A moment later, after apologizing for the mess, he was ushering her to the chairs in the corner and calling to Twilfa to fetch tea.

“So, little brother, what can I do for you?” Chira asked happily, as she tucked her skirt under her and settled onto the velvet. She gave the broken jar a quick glance, then looked at him expectantly as she slid her bag from her shoulder and lowered it to the floor.

Gresh smiled at being called “little brother.” He was over six feet tall, at least six inches taller than Chira, and given his solidly-muscled build and her slim figure, he probably weighed twice what she did. All the same, the four-and-a-half-year difference in their ages ensured that he would always be “little brother” to her.

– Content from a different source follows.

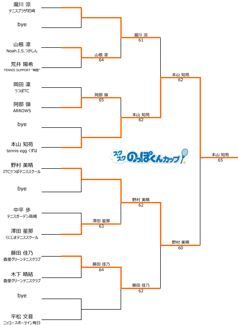
12歳以下1,2位トーナメント

“I need to find a particular enchanted mirror,” he said. “It’s in a cave somewhere in the Small Kingdoms, in the central mountains—not the area right around Ekeroa, but somewhere between Vlagmor and Calimor, probably on the eastern slopes. A couple of magicians have tried to find it with various methods and failed, but so far as I know they didn’t try sorcery.”

“What kind of mirror?”

Gresh held out his hands as Karanissa had. “A hand mirror, roughly this size,” he said.

Chira looked down at her pack for a moment, considering. “Nothing comes immediately to mind,” she said. “It’s in a cave, you said?”

Gresh nodded.

“So I can’t follow the sunlight to it. And mirrors don’t have any special smell to track. What sort of enchantment is on it?”

Gresh hesitated. “A faulty version of Lugwiler’s Haunting Phantasm,” he said.

“Wizardry, then?”

“Yes, of course.”

“No ‘of course’ about it,” Chira said, reaching for the shoulder strap of her bag. “There are plenty of other kinds of enchantment.”

“Well, yes, but... you know I work mostly with wizards. And what other kind of magic would make it so hard to find?”

“Demonology. And some kinds of sorcery—we do work with mirrors sometimes.”

“True, true. I’m sorry.”

“Oh, don’t be sorry.” She waved a hand in dismissal. “You’re right, you mostly work with wizards, I know that. And I owe you. We both know that. So tell me about Lugwiler’s Haunting Phantasm—is that one that produces smoke?”

“No, that’s one... well, it doesn’t matter what it ordinarily does...”

“It might,” she interrupted.

“...but this mirror produces spriggans.”

Chira stopped moving, one hand holding the strap at her knee, the other tucked at her side. She stared at him.

“Spriggans?” she said. She glanced at the pool of dragon’s blood. “Like the one I saw running out of here?”

“Yes. Like that one—and yes, that one broke a jar of very expensive blood. Spriggans are a huge nuisance, and this mirror generates them. In fact, it may be the only source.”

“Someone knows where the spriggans came from?”

“So they tell me.”

“And they’ve hired you to find it?”

“We’re negotiating.”

“Why?”

“Why are we negotiating? Because we haven’t agreed...”

“Why do they want you to find it?”

“To destroy it, I think.”

“They don’t know where it is?”

“No. Spriggans carried it off and hid it in a cave, apparently.”

“Your customer told you that?”

“That spriggans carried it off, yes. I found out about the cave myself.”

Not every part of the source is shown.